Silence position	Silence length	HuBERT-Base	HuBERT-Large	wav2vec2
Baseline	X	0.807	0.890	0.739
Front	$1/5$	0.803	0.874	0.735^†
Front	$1/10$	0.824^†	0.892^†	0.748^†
Front	$1/20$	0.818^†	0.888^†	0.744
End	$1/5$	0.801	0.878^†	0.724^†
End	$1/10$	0.816^†	0.884	0.747^†
End	$1/20$	0.813^†	0.883^†	0.746^†

4 WHERE CAN WE FIND SPEAKER? SILENCE

At the end of Section 3, we hypothesize that silence correlates with speaker information. In this section, we do more experiments to verify their relationship. In Section 4.1, we show the correlation between the performance of SID with the portion of silence in an utterance. Then in Sections 4.2 and 4.3, we insert the silence into waveforms and show the importance of the silence part to the SID task.

4.1 Amount of Silence vs SID Task Performance

After investigating the property of the last fragments and finding out that the last fragments contain a lot of silence, we want to know whether the amount of silence in the utterance affects the accuracy of the SID task. If the amount of silence and accuracy in the SID task are positively correlated, we can assume silence has some relationship with speaker information.
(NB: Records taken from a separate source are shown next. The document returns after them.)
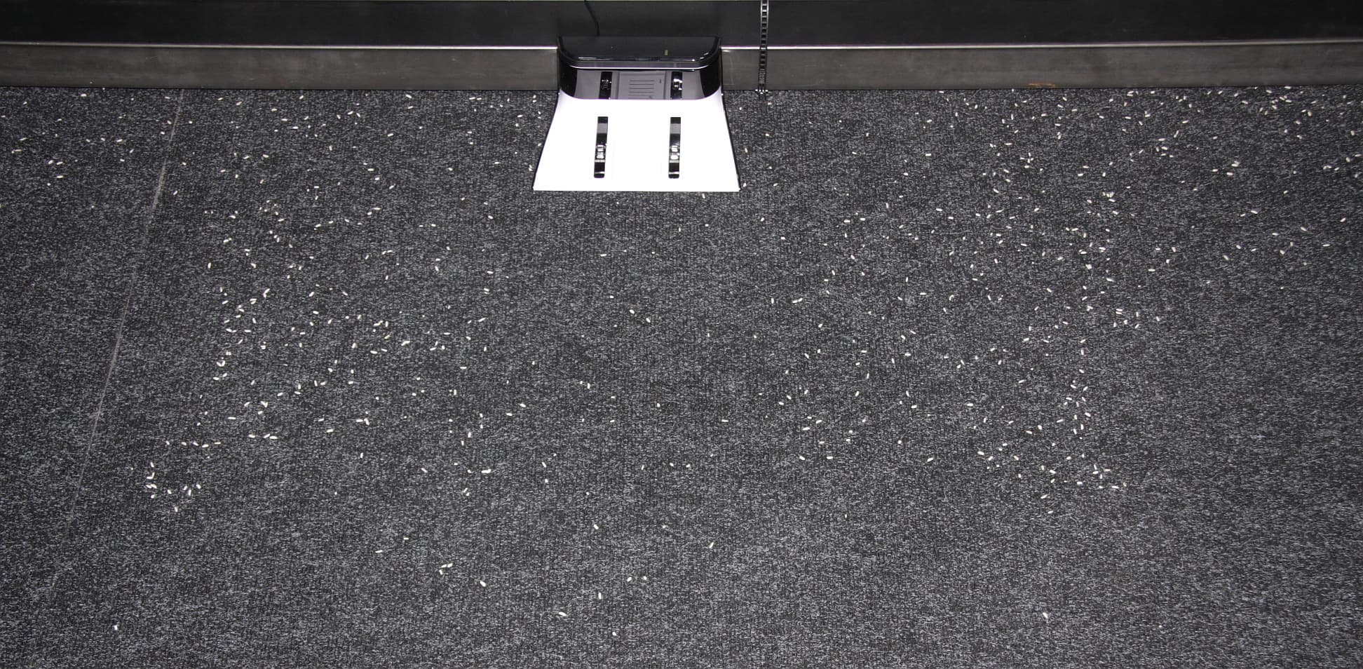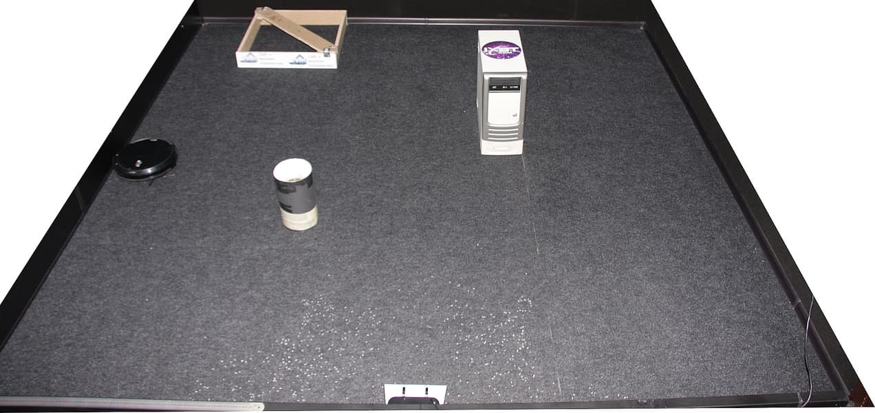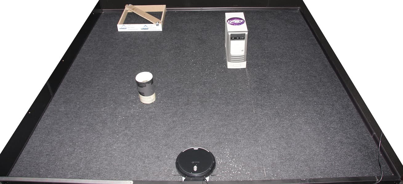 Предыдущие тесты показали, что увеличение мощности вентилятора не приводит к значимому улучшению качества уборки нашего тестового мусора (но точно увеличивает собираемое количество легкого мусора), поэтому все количественные тесты мы проводили с нормальной мощностью. Видео ниже снято с одной точки с почти полным охватом убираемой территории, база находится внизу по центру, при обработке часть видеоряда ускорена в десять раз, показано только начало уборки (первые 10 минут):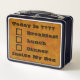 Lunch Box Lunchbox in a classic old school retro black finish with a fun breakfast, lunch or dinner phrase that can be checked off with magnet or dry erase markers and with a background printed with Rustic Abstract Modern Contemporary Geometric Art graphic design Illustration by TheFabricSeal print on demand shop at Zazzle.com #ZazzleMade ©️Original. https://www.zazzle.com/store/thefabricseal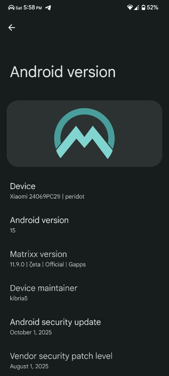 ▪️ Changelogs (https://www.projectmatrixx.org/downloads/peridot)

In this experiment, we use the test dataset of VoxCeleb as the measurement object. We use the Librosa toolkit to measure the ratio of the length of speech less than 10db to the length of the original speech in each utterance. The final result is shown in Figure 4. We find that if silence is less than a threshold, about 5%, performance will be reduced by about 30% to 50% compared to other cases. With the results of this experiment, we observe that silence strongly correlates with the accuracy of the SID task in this experiment. This means that the silent part of the waveform is indeed related to the speaker’s information.

4.2 Silence is Important For SSL Model to Store Speaker Information

To measure the importance of silence, we add a silence fragment to the waveform, which length is 1/10 of the original waveform. The positions where we insert the silence fragment into the waveform are the original waveform’s front/middle/end, respectively. After that, following the analysis method in Section 3, we segment a representation sequence into 11 fragments (10 corresponding to the original waveform and 1 corresponding to the silence part we insert) and do the same analysis as in Section 3. We hope to confirm whether the silence fragments contribute more to the SID task by observing the norm weights. The dataset we use is also the test dataset of VoxCeleb as in Section 3. Unlike the previous experiments, to confirm that our results are general, we use three models in this section: HuBERT-Base, HuBERT-1Iter (HuBERT only trains for one iteration), and HuBERT-Large. Furthermore, we use the weighted sum of the outputs of each layer as the representation of these three models.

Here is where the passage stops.